▶ [Given data]:
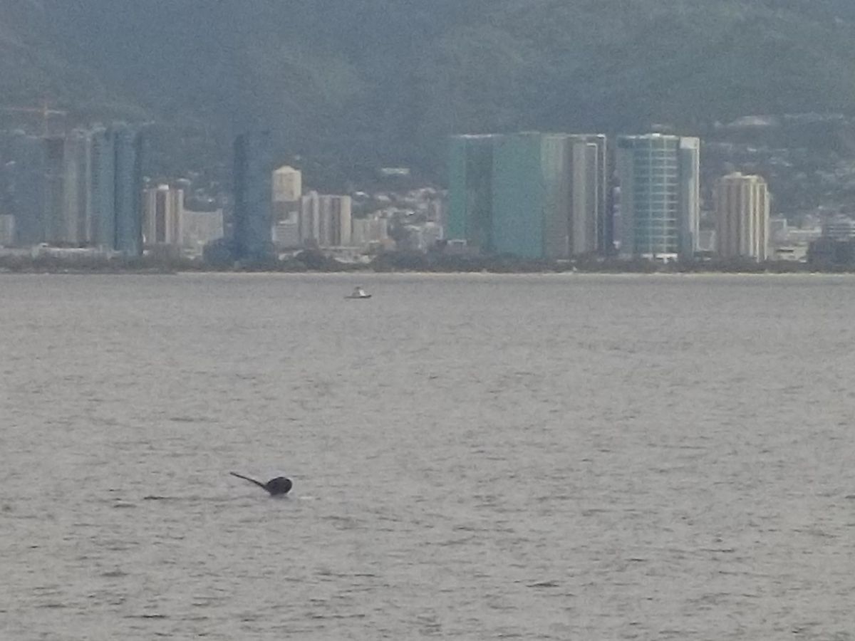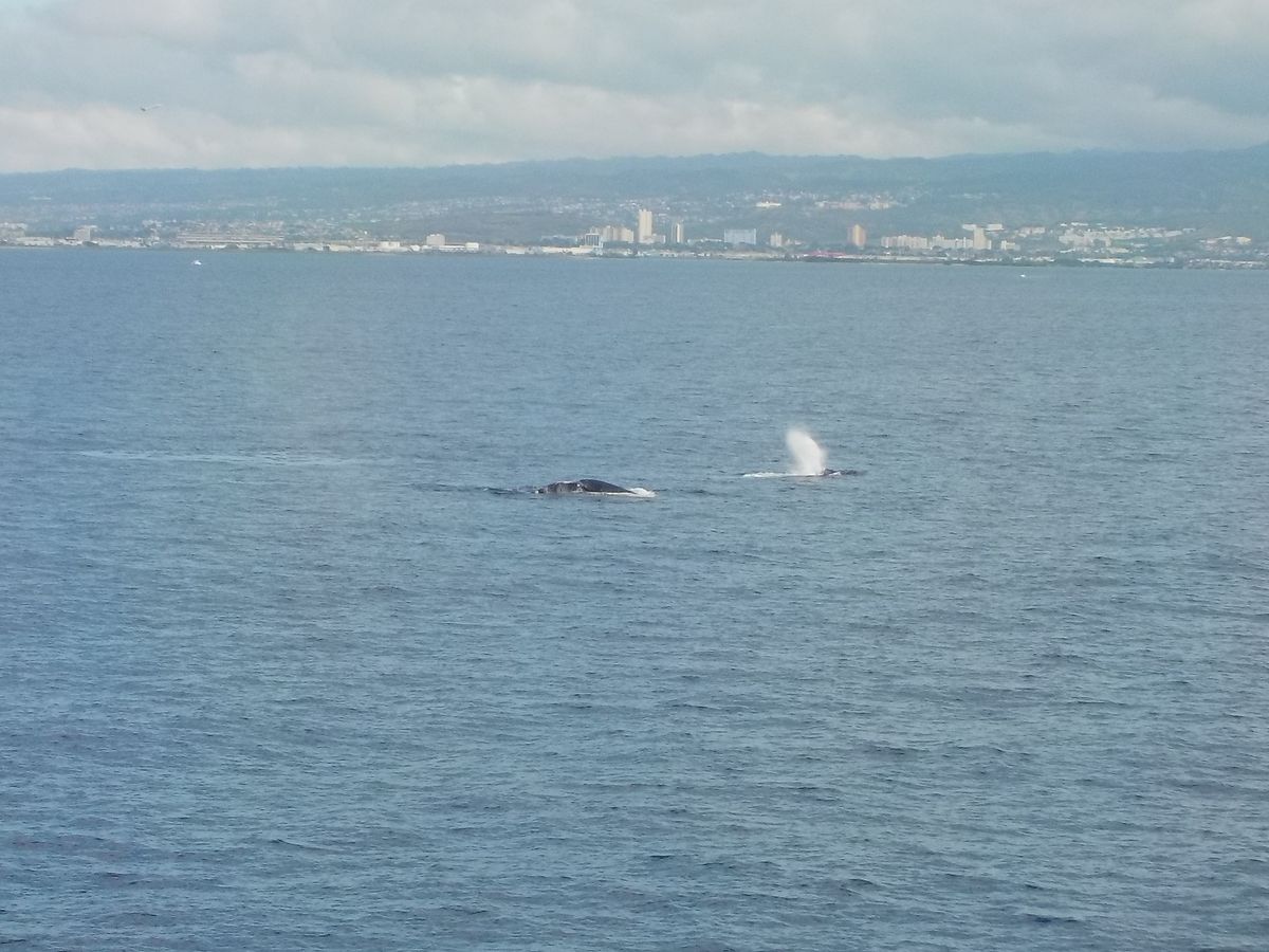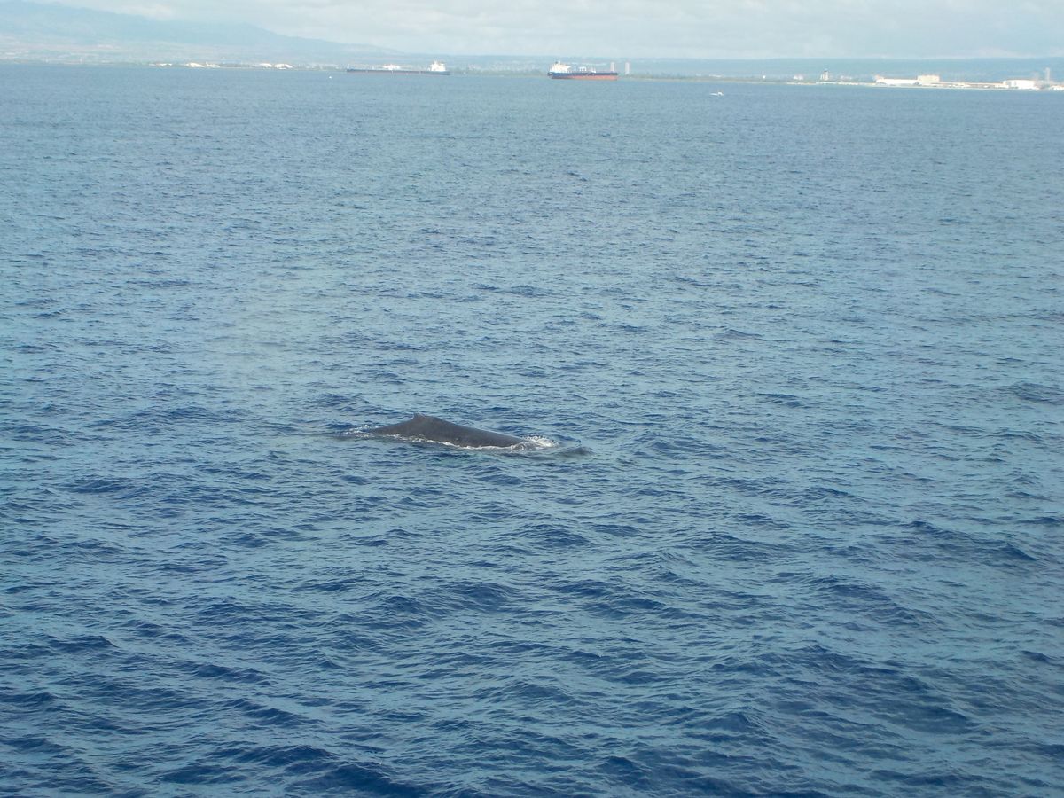 以前、カウアイ島でクルーズを利用したことがあったのですが、その際は遠くのほうに少し見えただけでした。それに比べると、船の近くで潮吹きや尾びれが少し見えたので、満足しましたが、同行の初めてクルーズを利用した人はクジラが上半身見えるくらいジャンプするところを見えると思ったらしく、残念がっていました。
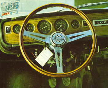 Lo primero que nos llama la atención del Simca 1.000 GT es la bonita, aunque escasa, gama de colores en que se ofrece al público. En segundo lugar, nos fijamos en el tablero de a bordo que es de los más completos que se fabrican en España, si bien para nuestro gusto los relojes, y en particular el del cuenta vueltas, son demasiado pequeños. El volante de madera hará las delicias de muchos mientras que otros lo notarán un poco resbaladizo, y nosotros lo encontramos bien, aunque no nos gusta el cromado del volante puesto que nos refleja muy a menudo el sol en los ojos.
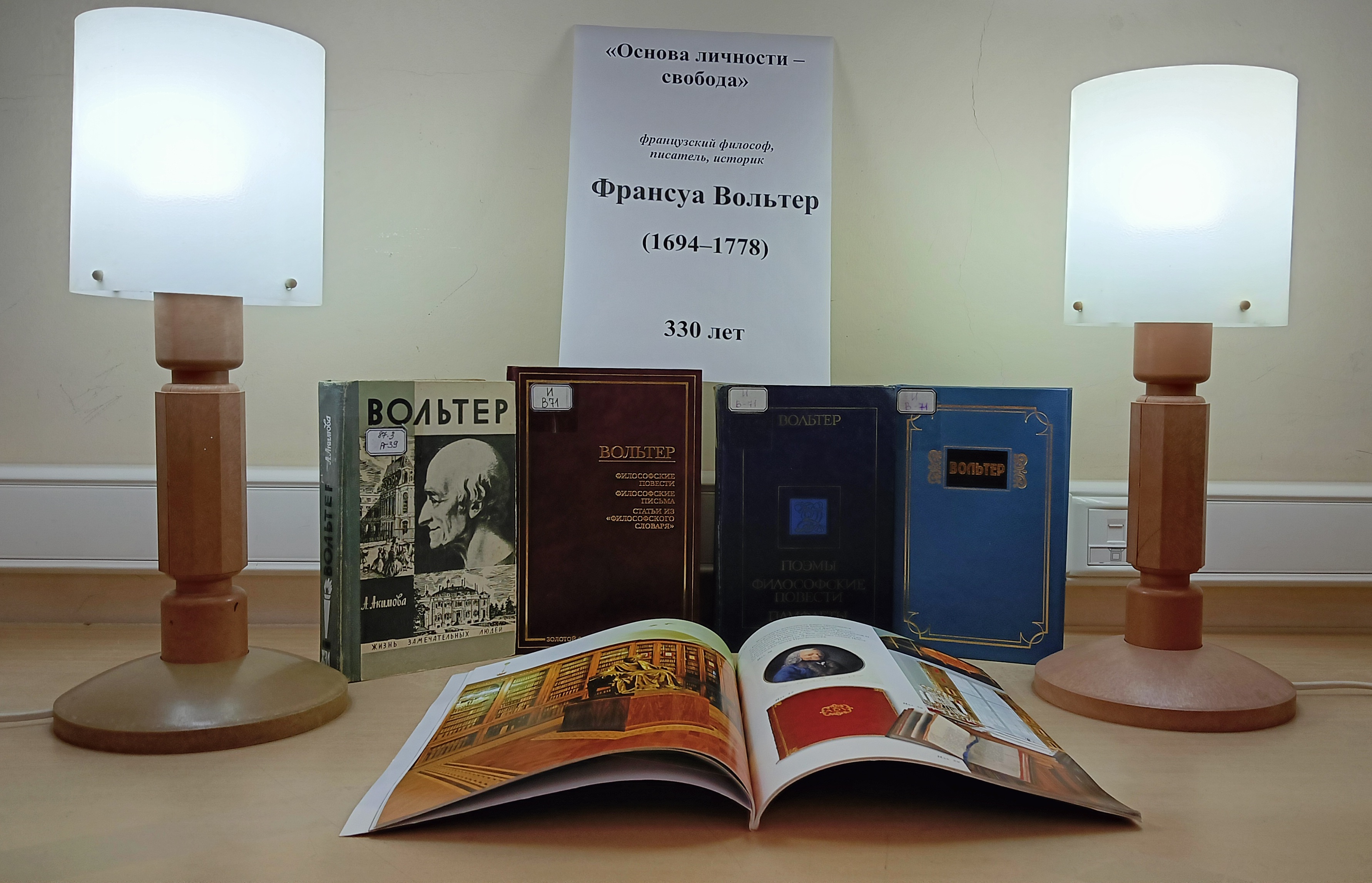 На экспозиции представлены книги, посвящённые Вольтеру, его произведения, а также материалы, рассказывающие о влиянии его идей на культуру и общество.
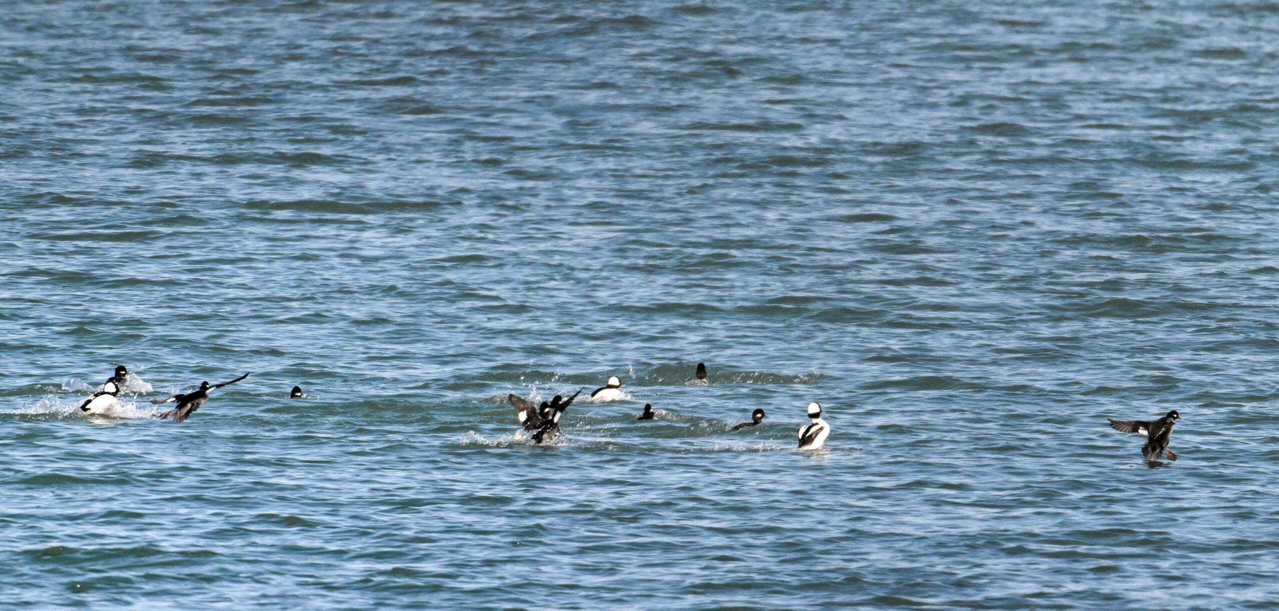 Distant specksGull Point tree line and new observation platform; outer Lake Erie @ horizonDuck in center = Bufflehead, rest are Common GoldeneyeBuffleheads take flightBIF IIBIF IIIBIF IVFemale or immature male Bufflehead on rightMore Buffleheads join inRepositioning on Lake Eriew/ Common Goldeneye @ upper leftGull Point, old observation platformLanding ILanding IILanding IIIDistant ducks on Lake Erie
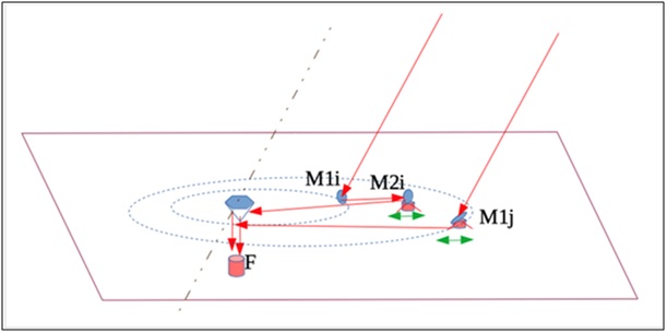 Figure 2.B Primary mirror elements M1i can be kept fixed, at arbitrary positions, but with tip-tilt actuators, if they feed as many facing mirrors M2i, radially movable for serving as delay line elements. The M1 mirrors located at the outer edge, such as M1j, require no delay line if they are mobile.
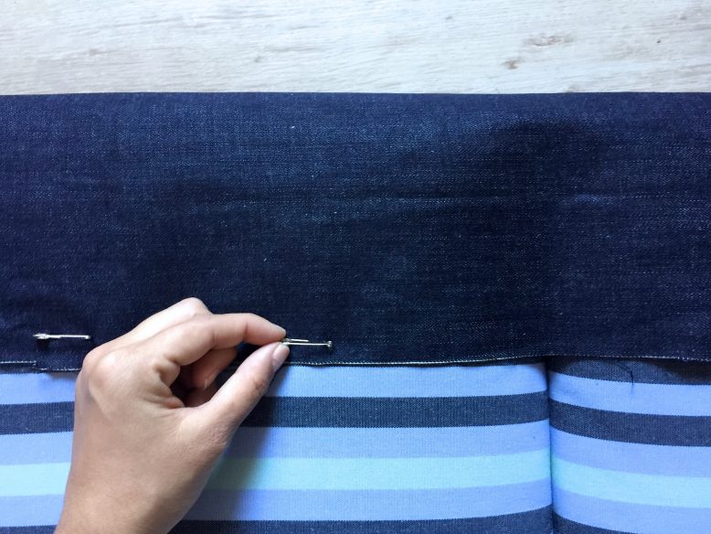 Wrap the long sides over and pin to the back of the cushion, placing safety pins all the way down so that there are no lumps or folds in the fabric.
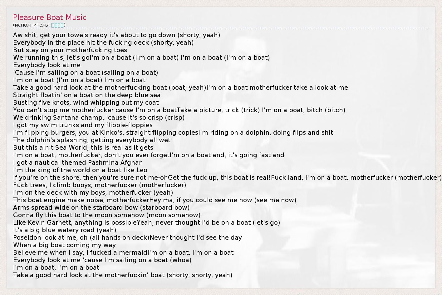 А как ты думаешь, о чем песня "Pleasure Boat Music" ?
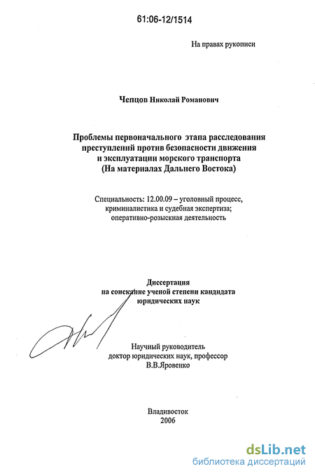 Глава II. Уголовно-процессуальные особенности расследования дел в сфере безопасности движения и эксплуатации морского транспорта

▶ [What is expected]:
Please reproduce only the lines from the one holding "А как ты думаешь, о" through the final line of the listing above, both included, with each picture left out.

▶ [Reply to the task]:
 А как ты думаешь, о чем песня "Pleasure Boat Music" ?
 Глава II. Уголовно-процессуальные особенности расследования дел в сфере безопасности движения и эксплуатации морского транспорта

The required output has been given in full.